Thank you for your kind feedback, BizzySmile
(02-10-2013, 04:08 AM)Heslopian Wrote: [ -> ]there in the mountains of heaven
my stepmother lives
like a bird on a branch
whose torch song is unheard by all creation
save a lovely woman in a blue dress
come to sit and watch the sun -- My only gripe is with the lack of punctuation. Minor point though, considering that you have really distinct and apt imageries. Powerful too. Immediately I want to read on and see more of this utopia.

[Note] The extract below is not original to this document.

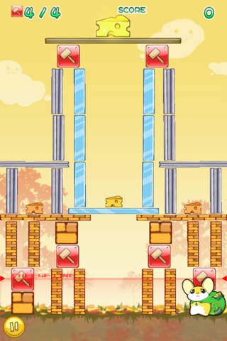 遊び方は簡単で柱の上に積み上げられているチーズを下に落とせばいいだけ。ただし柱を崩す回數には制限があり回數を超えてしまったり、チーズが画面外に落ちたりするとアウトです。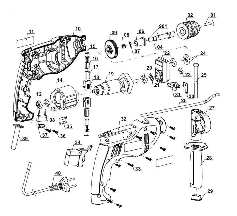 Ersatzteile für Einhell Classic Schlagbohrmaschine TC-ID 710 E, EX, BR, 127V ( 425972911018 )

this is the paradise we promise
the beauty at the end
which justifies the poverty -- This line in my opinion feels kind of weak. It sort of introduces this technicality into what otherwise is a very beautiful poem. Just a minor rewording will do wonders though.
the dead-end jobs
and bad movies

like a bird on a branch like a bird on a branch

like a thousand birds on a thousand branches
each singing their own torch songs
for a thousand lovely women in a thousand blue dresses
come to sit and watch a thousand suns -- For me, the repetition of 'thousand' doesn't really do much other than tell me about the quantity and vastness of it all. It works, don't get me wrong, but well, I just feel that different word choices will make the poem pop. Of course that doesn't seem like what you're going for. As it stands though, it's excellent. It's just a personal thing.

there in the mountains of heaven

All in all, a really entertaining and enjoyable read! =) Hope my feedback is of help, and well, the negatives are just really personal peeves. Thanks for the read, and hope I'm of help! =)
Honest feedback is always of helpSmile Thank you, brandontoh.